[fpc-devel] TEncoding.Default and default encoding for TStrings.LoadFrom*()

Michael Van Canneyt michael at freepascal.org
Fri Dec 27 10:40:38 CET 2019

On Fri, 27 Dec 2019, Ondrej Pokorny wrote:

> On 27.12.2019 0:19, Michael Van Canneyt wrote:
>> On Thu, 26 Dec 2019, Ondrej Pokorny wrote:
>>> On 26.12.2019 19:29, Michael Van Canneyt wrote:
>>>> So no, I don't think these need to be changed/merged. What IMO can 
>>>> be discussed is
>>>> which of these 2 need to be used as the default codepage in other 
>>>> code. It
>>>> should then resolve the problems that appear, I think.
>>> That would be possible as well. But still please reconsider it:
>>> One reason: just from the convention - the default codepage to use 
>>> should be TEncoding.Default. That is intuitive.
>>> Second reason: Now we have TEncoding.ANSI = TEncoding.Default. 2 
>>> equal properties. And another FPC-only property 
>>> TEncoding.SystemEncoding. That means 3 properties for 2 values.
>> As far as I know, TEncoding.ANSI = CP_ACP.
> This is indeed not correct. See 
> https://wiki.freepascal.org/FPC_Unicode_support :
> CP_ACP: this value represents the currently set "default system code 
> page". See #Code page settings for more information.

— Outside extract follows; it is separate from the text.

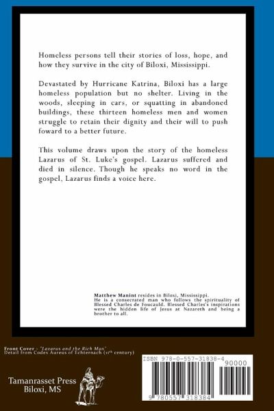 Homeless persons tell their stories of loss, hope, and how they survive in the city of Biloxi, Mississippi. Devastated by Hurricane Katrina, Biloxi has a large homeless population but no shelter. Living in the woods, sleeping in cars, or squatting in buildings, these thirteen homeless men and women struggle to retain their dignity and their will to push forward to a better future. This volume draws upon the story of the homeless Lazarus of St. Luke's gospel. Lazarus suffered and died in silence. Though he speaks no word in the Gospel, Lazarus finds a voice here.
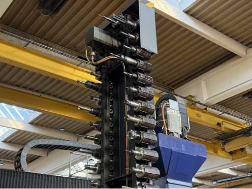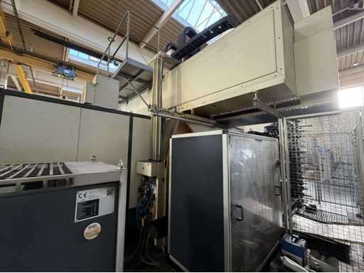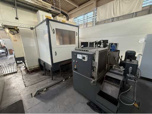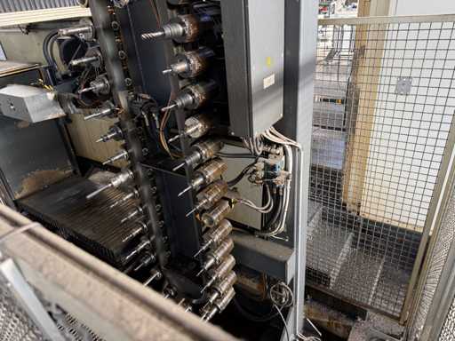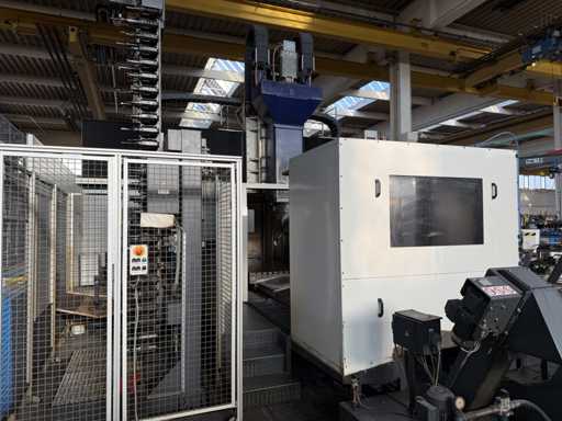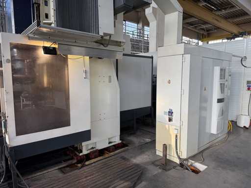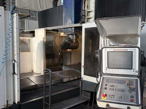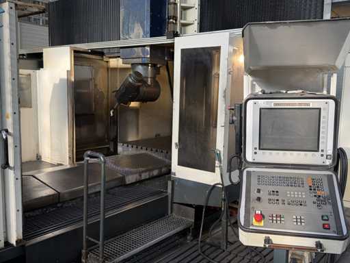 4 gestuurde assen: X, Y en Z en een draaikop B-as, Slag X: ca. 2700 mm, Slag Y: ca. 2200 mm, Slag Z: 300 tot 1350 mm, Portaaldoorgang: ca. 1400 mm breed, Hoogte: ca. 1350 mm, Spilvermogen: 37 kW, Maximaal vermogen: tot 48 kW, Maximaal koppel tot 1310 Nm, Snelheidsbereik: ca. 4200 tpm, Besturing: Heidenhain, Type: TNC 430M, inclusief riemfiltersysteem, Magazijn met gereedschap, zie foto's voor meer details

I meant the windows meaning of CP_ACP, not what the RTL makes of it. 
I think the use of CP_ACP in the RTL is quite dubious.

Using CP_SYSTEM or so would have been better. No doubt again a Delphi
compatibility naming :(

> TMBCSEncoding.Create(widestringmanager.GetStandardCodePageProc(scpAnsi))

This corresponds to what I meant.

> and
>   TStandardCodePageEnum = (
>     scpAnsi,                 // system Ansi code page (GetACP on windows)
> - as you can see the CP_ACP value does not correspond with the GetACP 
> WinAPI call result. (But this is wanted as documented in 
> https://wiki.freepascal.org/FPC_Unicode_support ).
>> Why should this equal TEncoding.Default ? 
> sysencoding.inc:
> class function TEncoding.GetDefault: TEncoding;
> begin
>   Result := GetANSI;
> end;

I know it is currently so, the question is : why ? :)

Maybe Default is better SystemEncoding, see below.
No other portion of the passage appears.